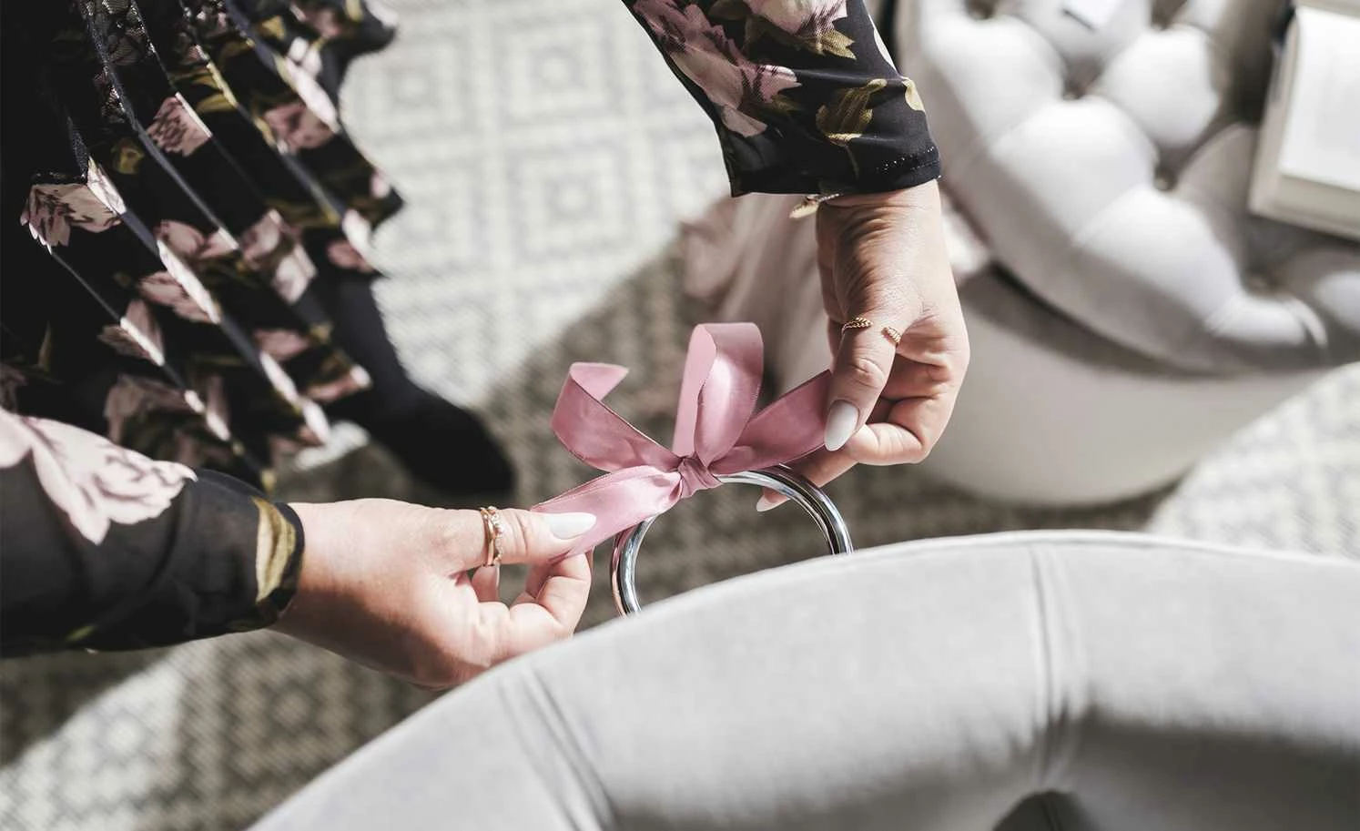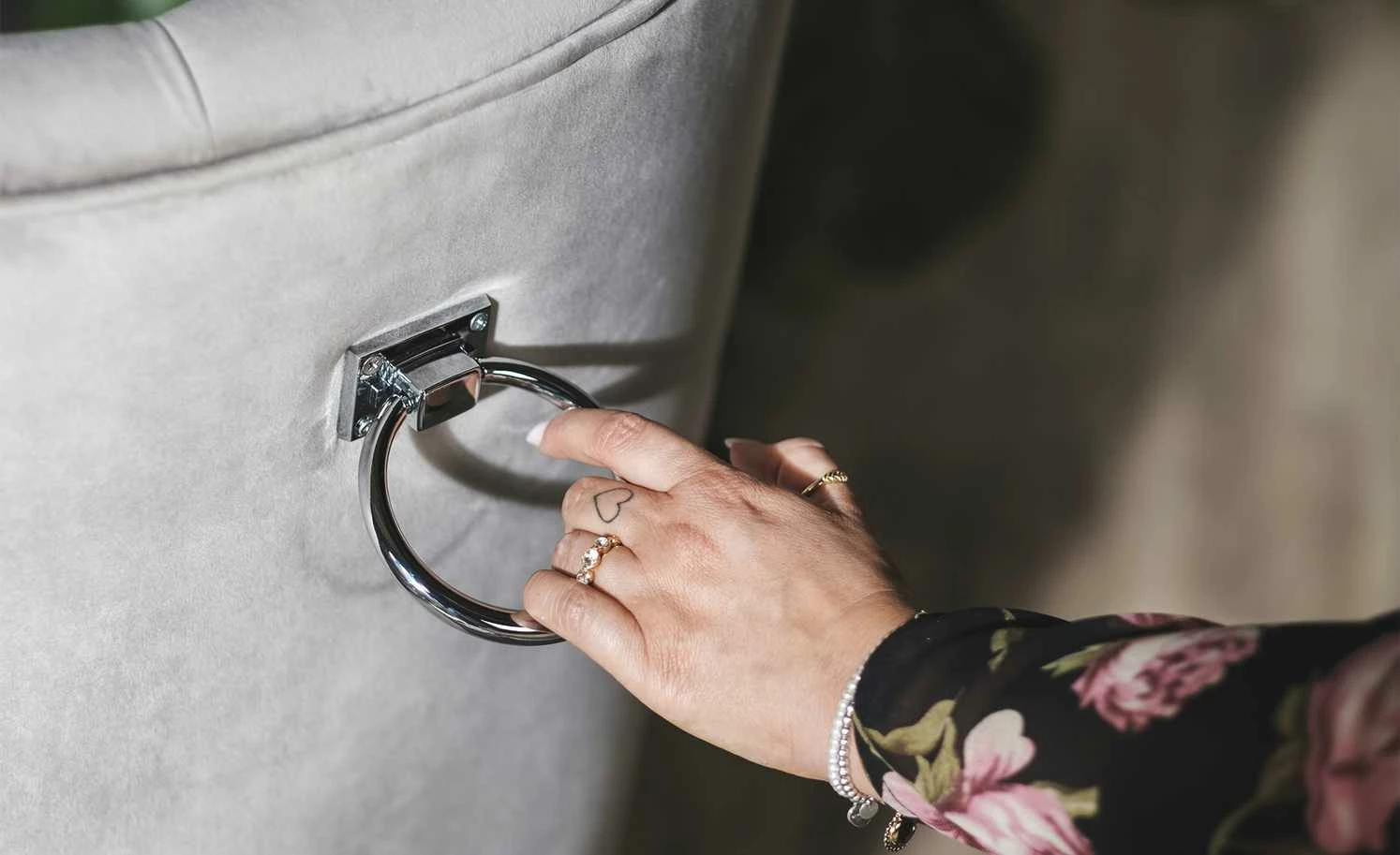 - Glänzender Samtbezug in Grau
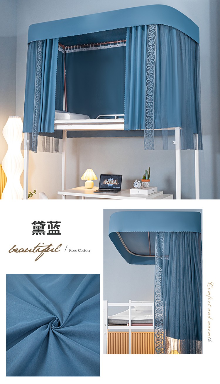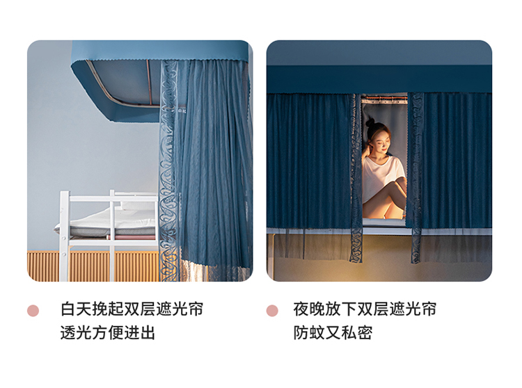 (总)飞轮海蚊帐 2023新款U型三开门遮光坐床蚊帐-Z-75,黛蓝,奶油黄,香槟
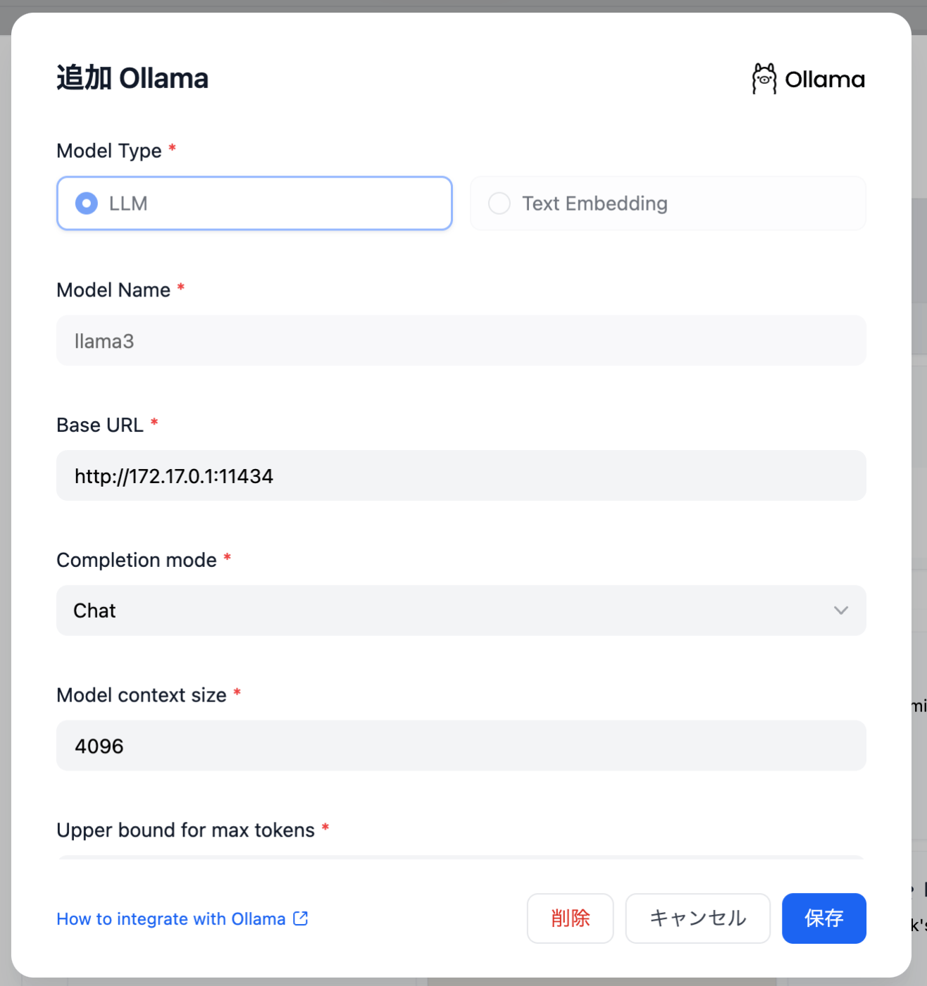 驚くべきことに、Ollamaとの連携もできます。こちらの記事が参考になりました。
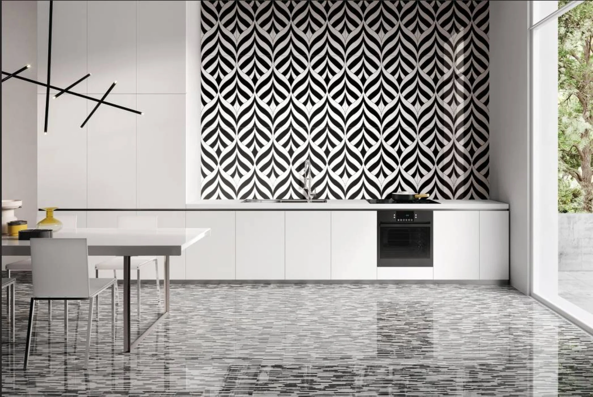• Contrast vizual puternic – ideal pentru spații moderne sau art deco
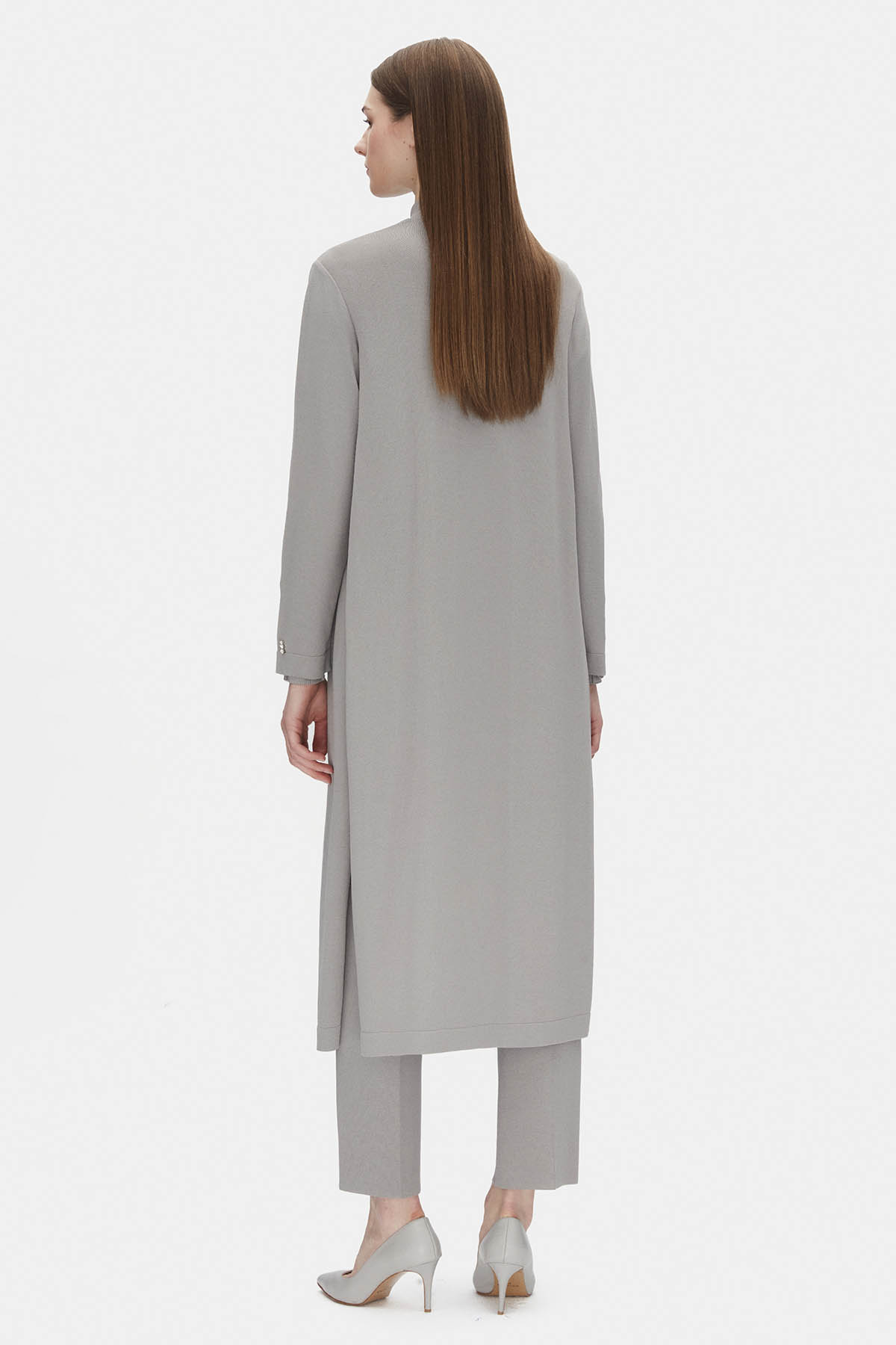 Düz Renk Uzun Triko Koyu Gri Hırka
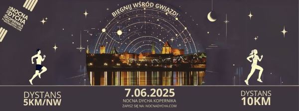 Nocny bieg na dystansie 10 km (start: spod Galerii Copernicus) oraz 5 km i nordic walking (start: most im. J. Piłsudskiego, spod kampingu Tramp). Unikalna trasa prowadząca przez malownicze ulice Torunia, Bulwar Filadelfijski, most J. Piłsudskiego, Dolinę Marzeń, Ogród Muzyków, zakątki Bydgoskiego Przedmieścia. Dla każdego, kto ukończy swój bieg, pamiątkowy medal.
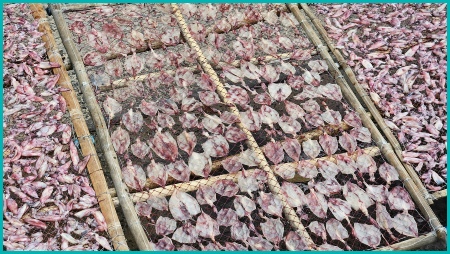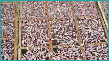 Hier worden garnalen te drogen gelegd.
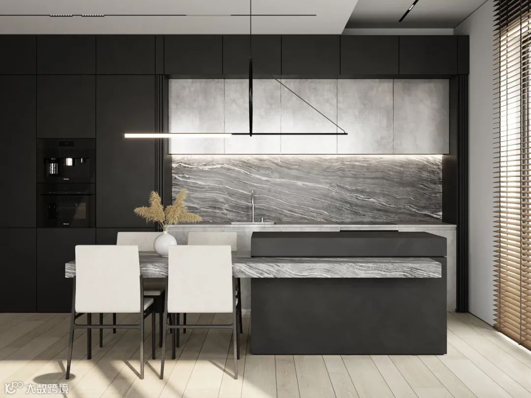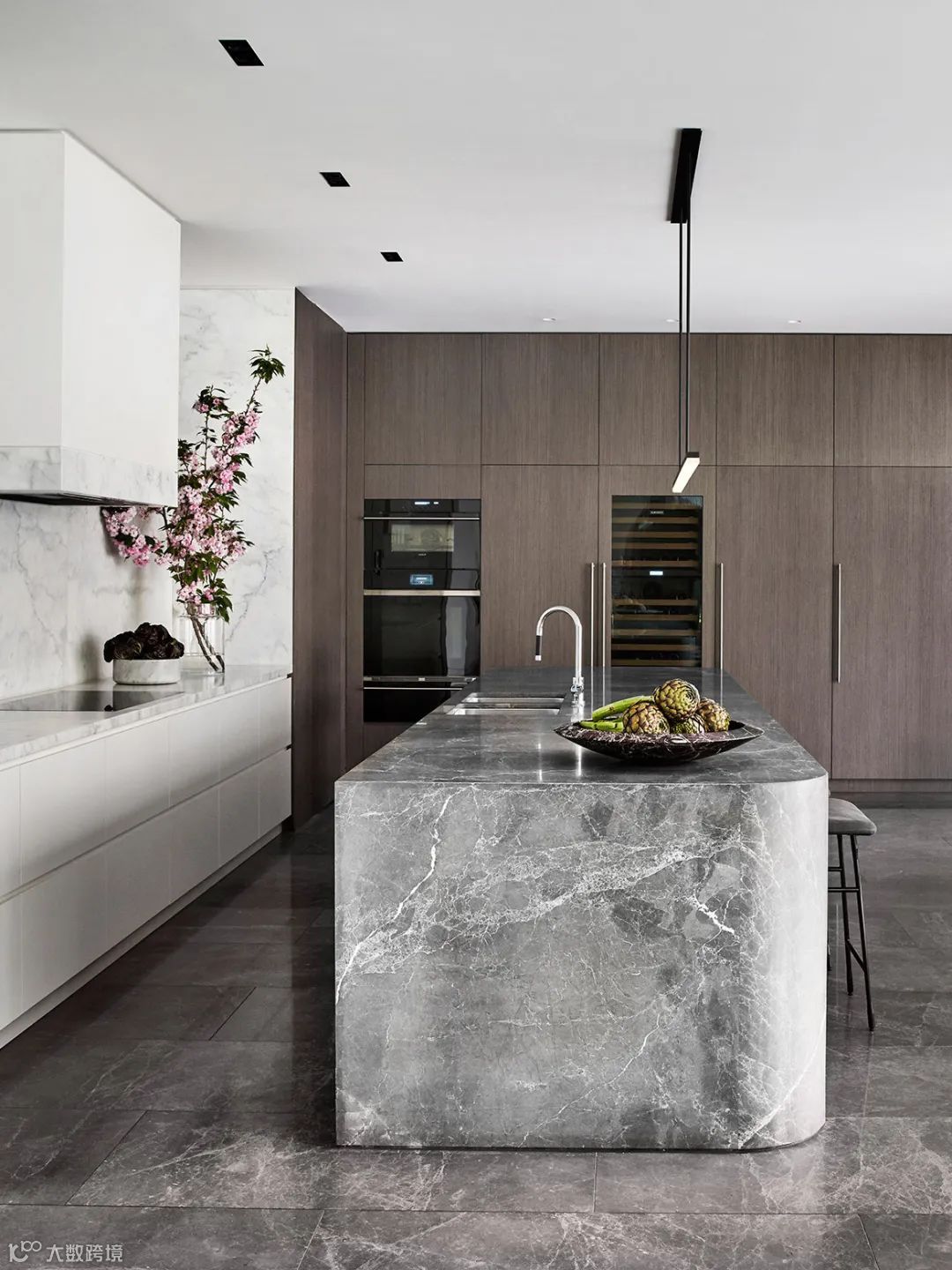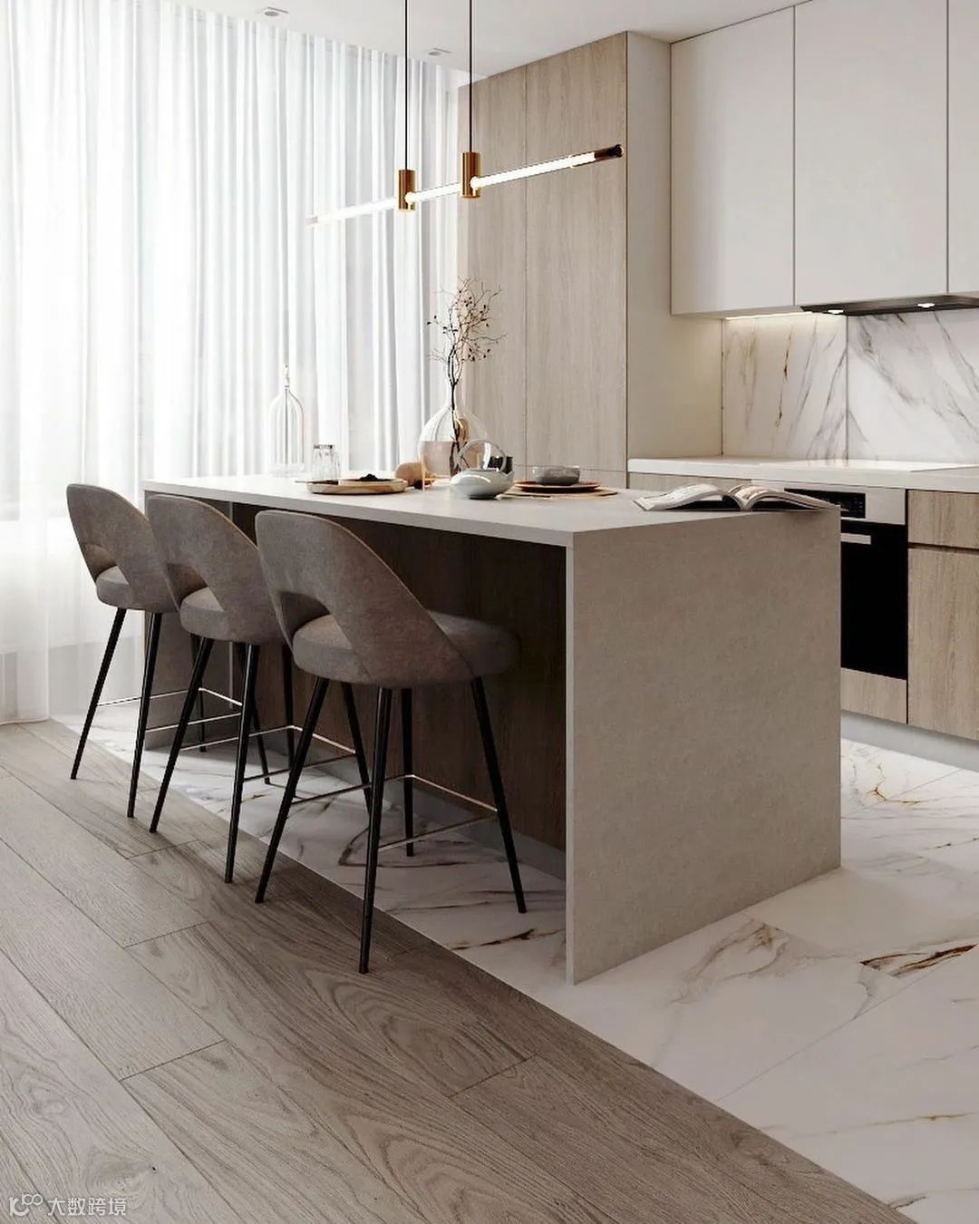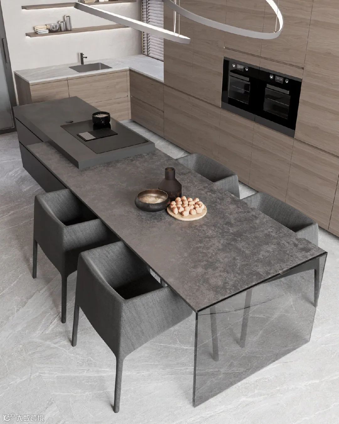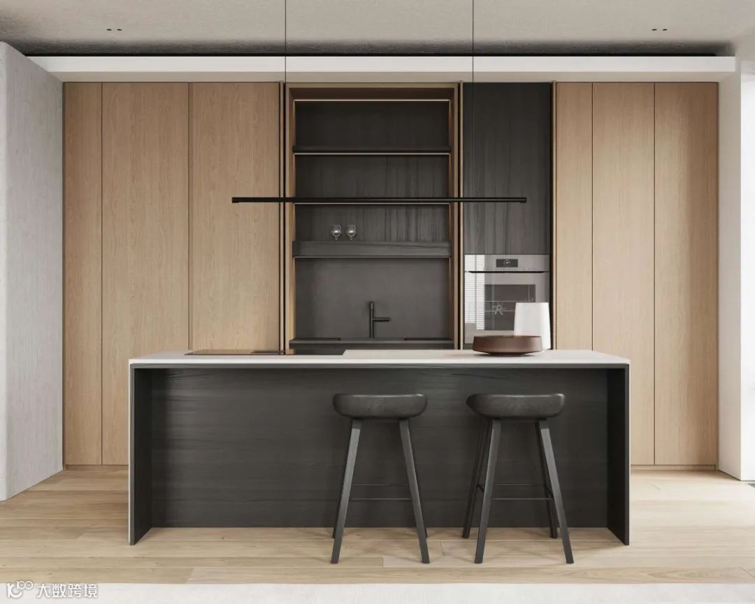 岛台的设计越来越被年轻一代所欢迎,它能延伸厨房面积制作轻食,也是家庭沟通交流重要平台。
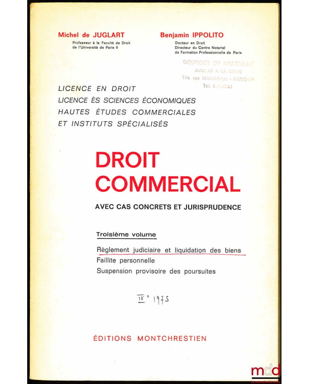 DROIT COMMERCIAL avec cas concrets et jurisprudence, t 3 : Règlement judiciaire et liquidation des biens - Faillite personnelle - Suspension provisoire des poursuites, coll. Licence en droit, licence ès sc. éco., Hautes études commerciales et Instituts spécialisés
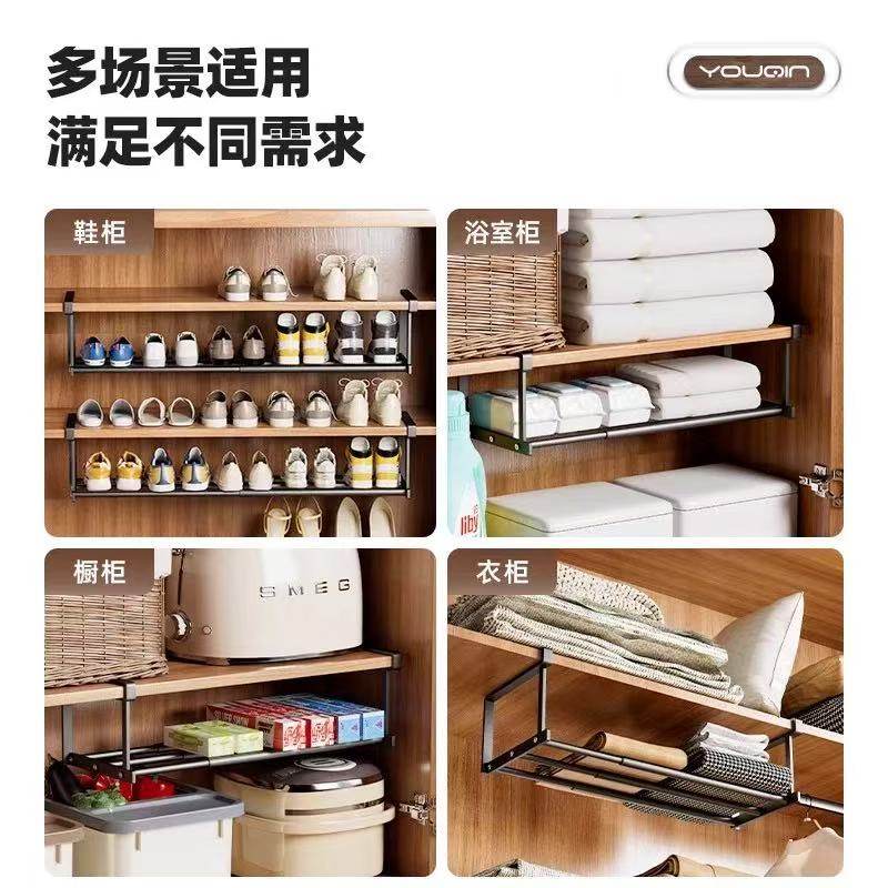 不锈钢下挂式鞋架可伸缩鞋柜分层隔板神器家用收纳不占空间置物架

+++

* WHAT TO WORK ON
Start at the first line of the records and write out everything up to and including the line containing "Düz Renk Uzun Triko Koyu Gri Hırka". No pictures.

* FINAL ANSWER
 - Glänzender Samtbezug in Grau
 (总)飞轮海蚊帐 2023新款U型三开门遮光坐床蚊帐-Z-75,黛蓝,奶油黄,香槟
 驚くべきことに、Ollamaとの連携もできます。こちらの記事が参考になりました。
• Contrast vizual puternic – ideal pentru spații moderne sau art deco
 Düz Renk Uzun Triko Koyu Gri Hırka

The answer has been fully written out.